- TASK BRIEF
Starting at the line with "卡通国宝竹子吊坠金属书签" and ending at the line with "[WhiteHouse.gov] ADVANCING MOST-FAVORED-NATION", print exactly the lines of the entries below. Pictures do not belong in the copy.

- RECORDS TO USE
%%

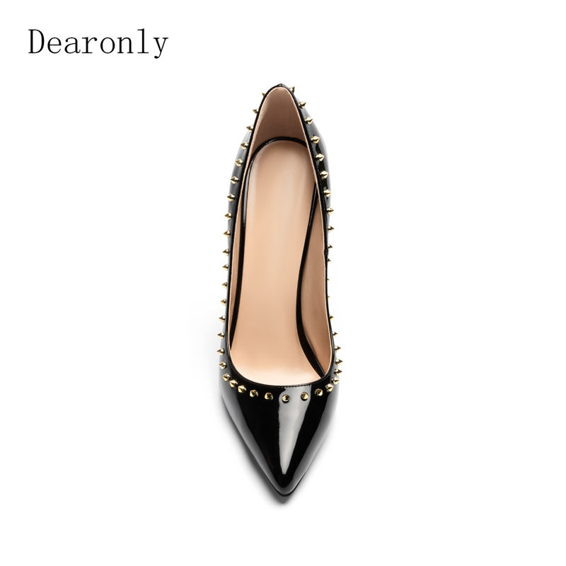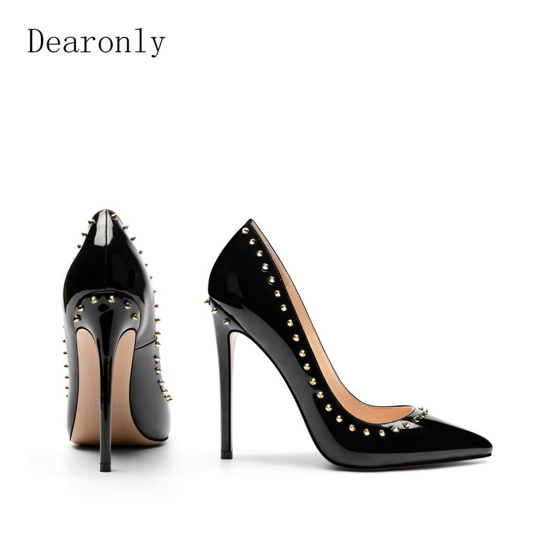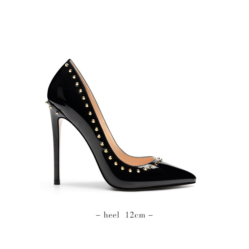 Scarpe con Tacco a Spillo 2026 in Pelle Verniciata Leopardata con Borchie, Punta Affusolata, Décolleté da Donna
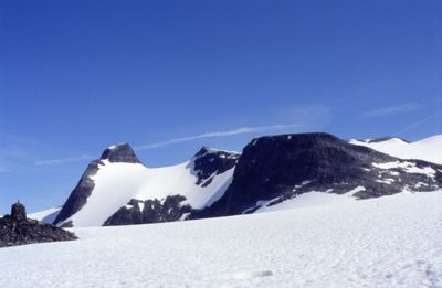 Climbers begin their journey at Bødalsæter, following a route across Bohrsbreen glacier before reaching the southwest ridge of the mountain.
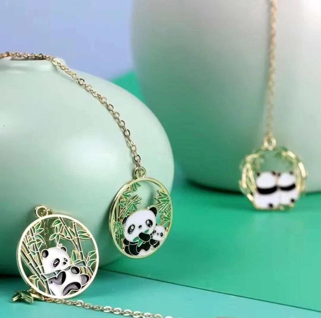 卡通国宝竹子吊坠金属书签
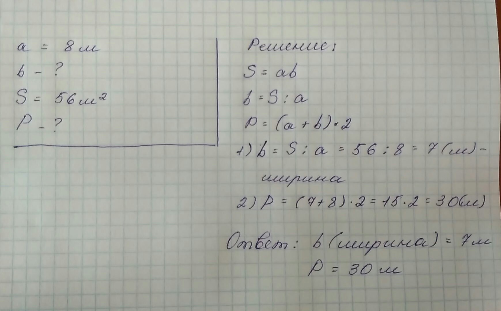 Длина вольера для тигра 8м,площадь 56м в кводрати .какова. Ширина вальера?чему равен периметр вольера?
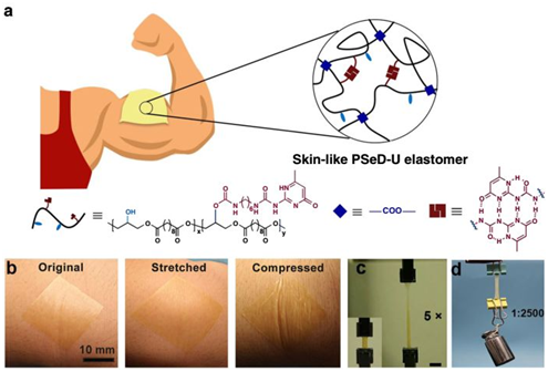 在中国科公司与科睿唯安公司联合发布的《2018研究前沿》报告中,“可拉伸材料和器件”被列为化学与材料科学领域第三大前沿热点,以生物集成电子为代表的可拉伸电子器件包括电子皮肤、可穿戴电子、人机交互接口和植入式器件的发展尤为迅猛。同时具有仿生力学特性(非线性粘弹性、软而强韧、优异的弹性)和生物学特性(生物相容性和可降解性)的弹性体是研制该类器件的基础,然而目前仍然非常有限。
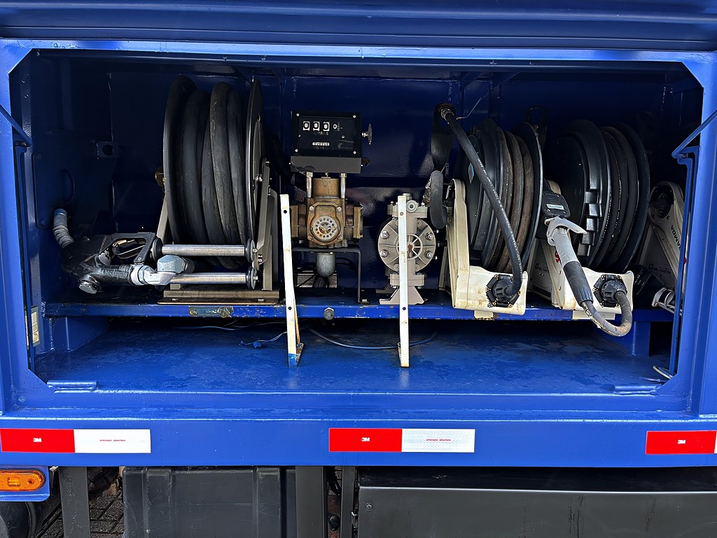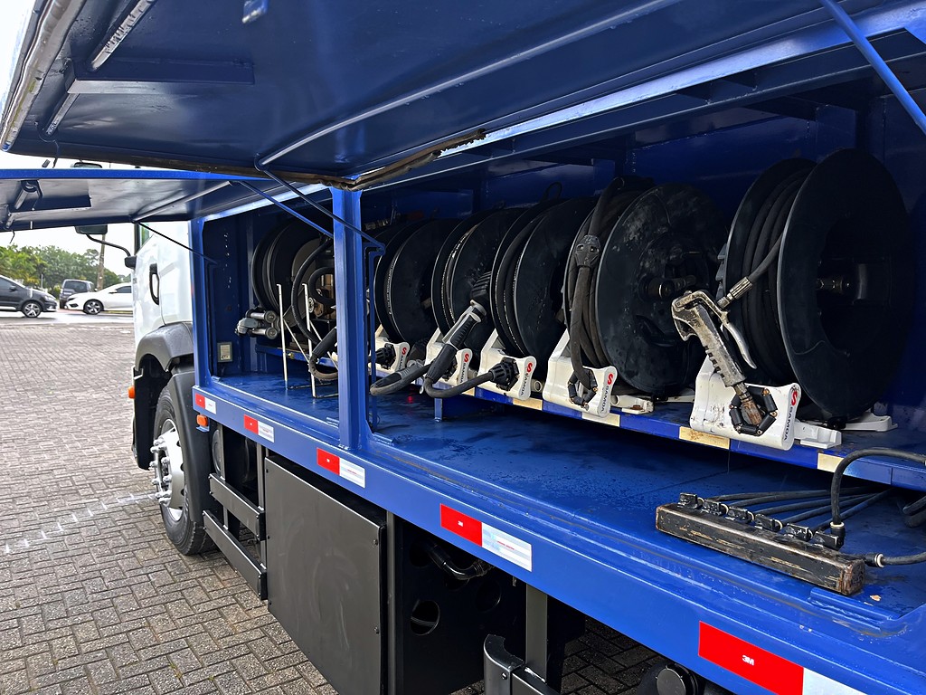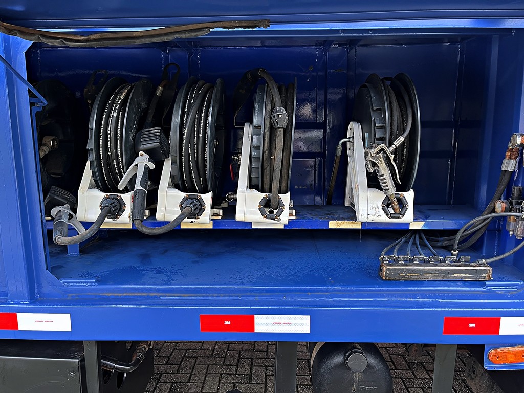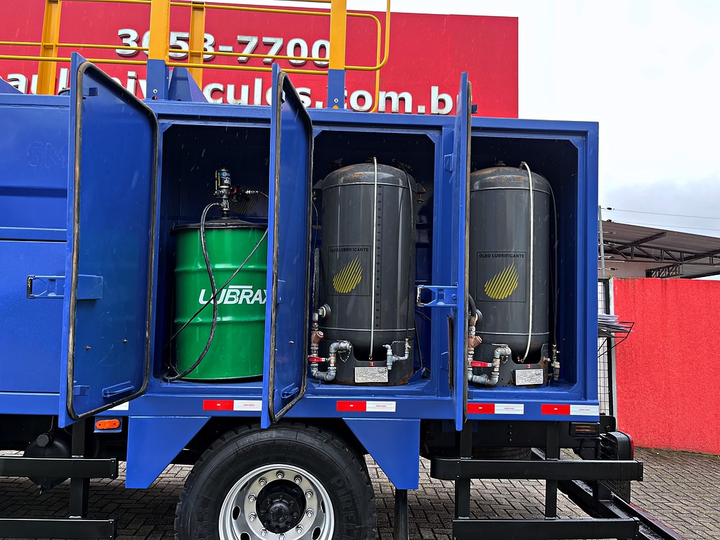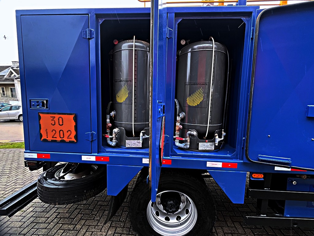Veículo especializado no transporte e fornecimento de combustíveis, lubrificantes, água e insumos essenciais para máquinas e operações pesadas.
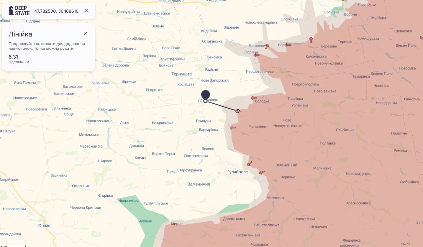 На карте аналитиков проекта DeepState можно отыскать село Доброполье Пологовского района Запорожской области. Населенный пункт площадью 2,3 кв. км, в котором до большой войны жило 440 человек, расположен в 6 км от линии фронта. Гуляйполе — в 13 км к югу. Днем 3 декабря аналитики написали в Telegram-канале, что ВС РФ продвинулись на этом участке: речь идет о полях к северо-востоку от Гуляйполя, со стороны Затишья.
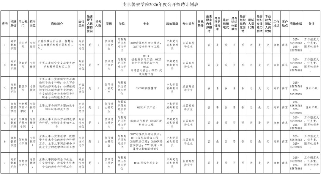 南京警察学院位于江苏省南京市,是中华人民共和国公安部直属的全日制公安类普通本科高等学校。根据事业单位公开招聘有关规定,按照公安机关录用人民警察有关要求,结合我单位实际工作需要,面向社会公开招聘。现将南京警察学院2026年度公开招聘工作有关事项公告如下:
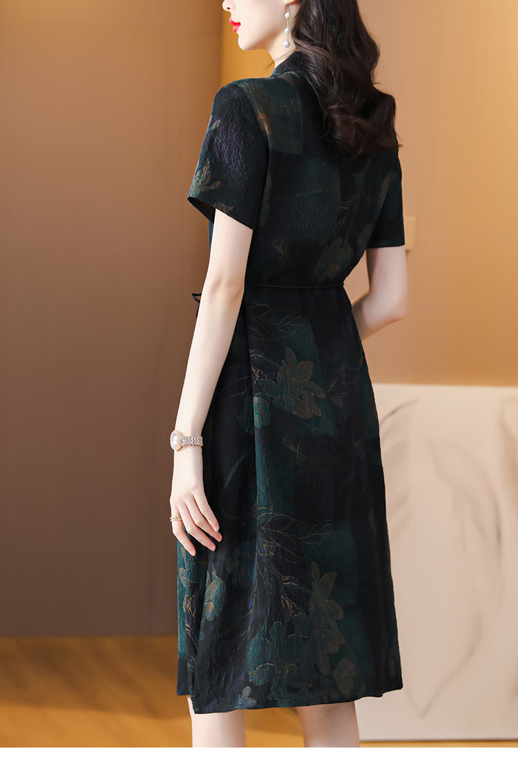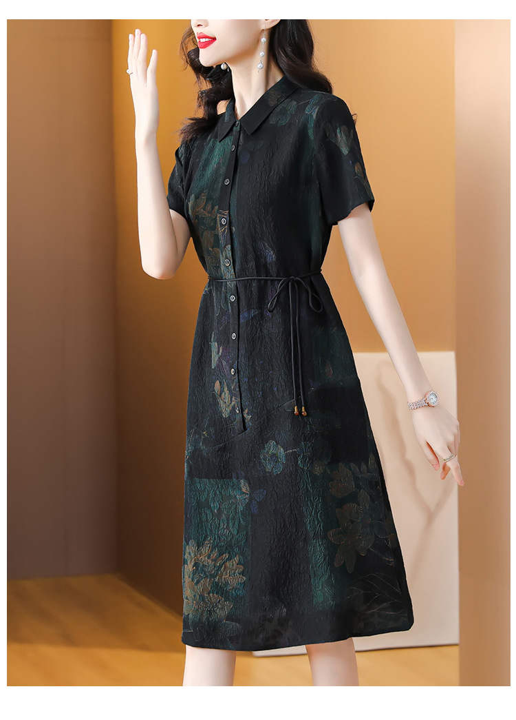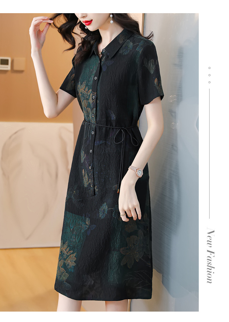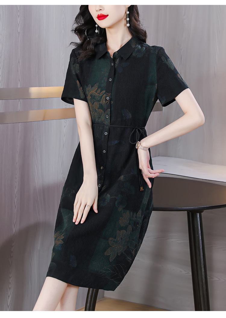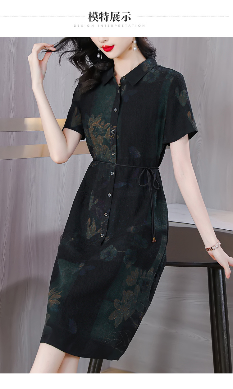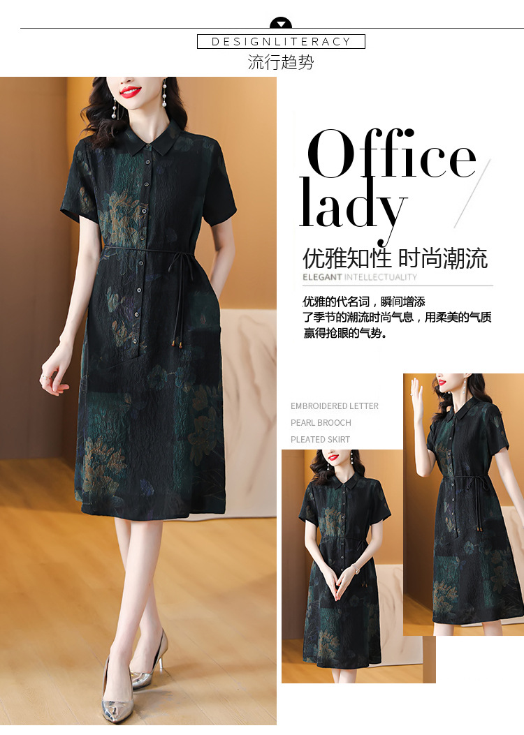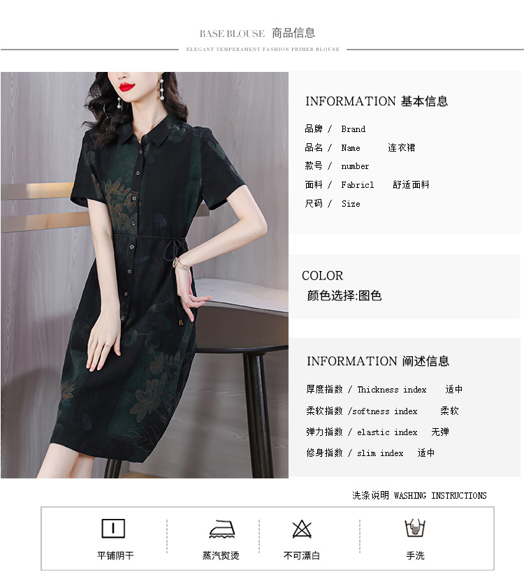 A32707高品质减龄遮肉中年妈妈夏季新款真丝连衣裙复古香云纱桑蚕丝裙子
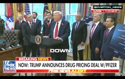 [WhiteHouse.gov] ADVANCING MOST-FAVORED-NATION PRICING: [Tuesday, Sept 30], President Donald J. Trump announced the first agreement with a major pharmaceutical company, Pfizer, to bring American drug prices in line with the lowest paid by other developed nations (known as the most-favored-nation, or MFN, price). (Screengrab image: via Fox News /Overton News)
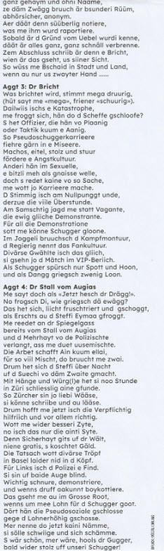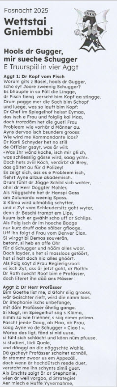 Wettstai Gniembbi Fasnachtsbricht 2025 Nr. 01 Jä nu, do die längscht Zyt, sich uff e Whats App Uffrueff vo dr WB Redaggzioon niemerts gmäldet het, zum e Wettstai Gniembbi Fasnachtsbricht zschryybe, versuech ychs! Noochdäms fümpf Joor kai Alti Garde me gää het, erlaub ych mir dä zverfasse, aaber e weeneli kritisch!!! Am Mäntig sinn mr wie allewyyl an dr Yysegass – ändlig wiider mit alle drei Ainhaite, Knorzi, Stamm und Gniembbi – yygstande. Mit em letschte Schlaag vom Martinskirchli het dr Adi sekundegenau dr „Morgestraich voorwärts Marsch“ aagsait! No zwai gmainsaame Umgäng sinn mr ellai, aaber nit verlasse unterwägs gsi. Drotz e baar Granggetsuusfäll by de Pfyffer, hänn sogar d Dambuure gloobt, dass es guet döönt haig. S Zmoorge mit ere groosse Uuswaal hänn mr wiider im Hotel Radison gnosse. Drotz em Rääge het dr harti Käärn dr Morgestraich seer lang uusglääbt. Am Nomidaag voor em Cortège isch me sich no im Käller by dr VKB Alti Garde go verköschtige. Denn isch me am Claragraabe in die usseri Route vom Cortège Richtig Wettstaiblatz yygfädlet. Unser Sujet het „Hools dr Gugger - mir sueche Schugger“ ghaisse. S isch vom e ghaimnisvolle Väärslibrünsler als Druurspiil in vier Äggt uff e Zeedel druggt und dur e Voordraab verdailt woorde. Dr Voordraab isch als Staatsdiener in blauer Uniform mit em alte Güpfihelm unterwägs gsi. Uff däm Helm und an de Jagge vom ganze Spiil, isch s neue Gniembbi-Signet aabrocht gsi. Dr goossartig Dambuurmajoorisch als Juschtizdiräggtere Stephanie Eymaa uff eme Junterössli gritte und het im Spiil dr Thaggt aagää. S Spiil het in seer häälgriene Jagge mit bruune Hoose und wysse Sogge als Jeeger, wo Schugger sueche, dr Zuug dominiert. An de uff alte Larve montierte Fääldstächer, wo uff em Broobe-fasnächtler Florian sym 3D-Drugger entstande sinn, het mes aagsee, dass do wirgligg Personaal gsuecht wiird. Dr bescht Uusbligg zum sueche het dr Schlutti uff em Hochsitz oobe vom Reggwisyt kaa. Är het sicher e Huffe z verzelle, über daas wo är alles duur sy Fääldstäächer gsee het. Die erschti Wettstai Gniembbi Ladäärne vo dr Neuzyt isch mit iirer Dreieggsform scho e weeneli gwöönigsbedürftig gsi. Dur die relativ glaine Dreieggsfläche het sich dr Kinschtler in vyyle glaine Detail verloore. D Voorder- und Ruggsytene hänn laider, dur dä underbrächendi Absatz in dr Mitti vo dr Ladäärne, an Groossflächigkait und -zügigkait yybiesst. No eppis Wichtigs, waas mr für e Süüschee hänn und wie mr haisse, hesch au nit uff e erschte Bligg uusegfunde! Im Dyychgässli hets, nooch dr Passage bym Comité an dr Clarastrooss, dr 1. Halt gää. Dr 2. Halt isch nooch dr Bruggeüberquerig scho bym Stadtkäller gsi. Drno hets e lange Marsch am Comité bym Stainebäärg verbyy, in d Aeschevoorstadt gää. Döört hann mr im Käller vo «DeVersoffeneDööcht» e längere 3. Halt, mit feyner Zwüsche-verpfläägig, gmacht. Uff die achti Zoobe sinn mr im 1. Stogg vom Bruune Mutz zämmemit em Stamm go Znacht ässe. Do gits e groosses Danggerscheen an s Baizesuech-OK zrichte. Es isch richtig gsi, dass me mit em Wirt greedet und dr Standort byybhalte het. Dr Service isch gege em Voorjoor, wie Daag und Nacht gsi. Es isch e aifachs Menue rasch, gnueg, guet und warm uffdischt woorde. Dernoo isch me noonemool uff d Gass. D Gniembbi hänn denn voor Mitternacht uffghöört. Am Zyschtig sinn d Wettstai Schysdräggzüügli, wie Popeye, Yysbääre, Zääni Club, Blaui Garde, die Schyytere und Saitespränger, underwäggs gsi. Am elfi Zoobe het me sich freiwillig zum groosse Umgang voor em Stadtkäller droffe. Laider isch dä gruusig verschifft woorde. Drum het dr grooss Huffe bym Bruune Mutz dr Abgang franzöösisch und dropfend gnoo! Am Mittwuch het wiider die groossi Stund vom Glyggehoof-Fotigraph Thomas gschlaage. An dr Yysegaas hänn sich die drei Ainhaite separaat abliechte losse. Phünggtlig am halber Zwai sinn mr uff dr innere Route über d Brugg abmarschiert. Am Claragraabe het dr Gröösse bym Comité sy gliebte Maieriislimaie griegt, wo mee im Ladäärnegraabe, als in sym Arm glääge isch. Dr 1. Halt het bym Brunne an dr Kirchgass stattgfunde. Aaschliessend het me am Wettstaiblatz wiider in Cortège yygfäädlet. Am Comité verbyy isch me oobe an dr Brugg uusgfäädlet und via Rittergass bis zum 2. Halt an d Bäumligass gloffe. Voor em hefftige Rääge hänn mr is u.a. ins ehemoolig Lufftschloss, wo jetzt Rubino haisst, gflüchdet. Dr Zuugsscheff het is denn ab dr innere uff sy aigeniRoute in d nööchi vom Seibi gfiert! Döört wär mit de Amedysli dr Apéro voorgsee gsi. Do ab dr Aesche bis zem Seibi e gröössere Gotthard-Ooschterstau gsi isch, hänn die Maischte dr Apéro verbasst. D Amedysli sinn erscht im zwaite Aalauff uff e Baarfiesserblatz yynekoo! Am säggsi Zoobe isch im 1. Stogg vom Mutz s Nachtässe uffdischt woorde. Daasmool isch kai Epfelmuess mit Höörnli und Ghaggtem serviert woorde. Für d Nit-Vegianer hets e feyne Häärd-epfelstogg mit Broote und Gmies gää. D Knorzi sinn denn no zem offerierte Dessert yydroffe. Dr Service isch, wie scho am Mäntig erwäänt, seer kundefründlig und züügig gsi. D Ladäärnezier hänn unser lyytchend Dreiegg vo dr Wysse Gass zem Dramhüüsli voorzooge. Daas het zum e Duurenand und ze Abmarschverzöögerige gfiert, will: a) dr Stamm und d Knorzi iiri Ladäärne, wie allewyyl uff em Barfiesserblatz abgstellt hänn. b) do sich d Zuugsscheffe nit abgsprooche kaa hänn, dass mr zwai Runde zämme mache, hänn die baide Lambbe ze dääre vo de Gniembbi voor e Mutz miesse ghoolt wäärde. c) wo denn die Herre Zuugsscheffe sich mit dr Stammzuugsscheffin gainigt hänn, isch me denn ändlig zämme, mit drei Lambbe dr Koolebäärg uff über e Oobere Heubäärg zur Harmonie gloffe. Nooch em längere Halt in und um d Harmonie, isch dr «long way», via Noodlebäärg, Petersgass, Bluemerain, Spiegelgass, Stadthuusgass an d Schnyydergass,draa koo. Voor em Stadtkäller, isch um die El

%%

- TASK SOLUTION
 卡通国宝竹子吊坠金属书签
 Длина вольера для тигра 8м,площадь 56м в кводрати .какова. Ширина вальера?чему равен периметр вольера?
 在中国科公司与科睿唯安公司联合发布的《2018研究前沿》报告中,“可拉伸材料和器件”被列为化学与材料科学领域第三大前沿热点,以生物集成电子为代表的可拉伸电子器件包括电子皮肤、可穿戴电子、人机交互接口和植入式器件的发展尤为迅猛。同时具有仿生力学特性(非线性粘弹性、软而强韧、优异的弹性)和生物学特性(生物相容性和可降解性)的弹性体是研制该类器件的基础,然而目前仍然非常有限。
Veículo especializado no transporte e fornecimento de combustíveis, lubrificantes, água e insumos essenciais para máquinas e operações pesadas.
 На карте аналитиков проекта DeepState можно отыскать село Доброполье Пологовского района Запорожской области. Населенный пункт площадью 2,3 кв. км, в котором до большой войны жило 440 человек, расположен в 6 км от линии фронта. Гуляйполе — в 13 км к югу. Днем 3 декабря аналитики написали в Telegram-канале, что ВС РФ продвинулись на этом участке: речь идет о полях к северо-востоку от Гуляйполя, со стороны Затишья.
 南京警察学院位于江苏省南京市,是中华人民共和国公安部直属的全日制公安类普通本科高等学校。根据事业单位公开招聘有关规定,按照公安机关录用人民警察有关要求,结合我单位实际工作需要,面向社会公开招聘。现将南京警察学院2026年度公开招聘工作有关事项公告如下:
 A32707高品质减龄遮肉中年妈妈夏季新款真丝连衣裙复古香云纱桑蚕丝裙子
 [WhiteHouse.gov] ADVANCING MOST-FAVORED-NATION PRICING: [Tuesday, Sept 30], President Donald J. Trump announced the first agreement with a major pharmaceutical company, Pfizer, to bring American drug prices in line with the lowest paid by other developed nations (known as the most-favored-nation, or MFN, price). (Screengrab image: via Fox News /Overton News)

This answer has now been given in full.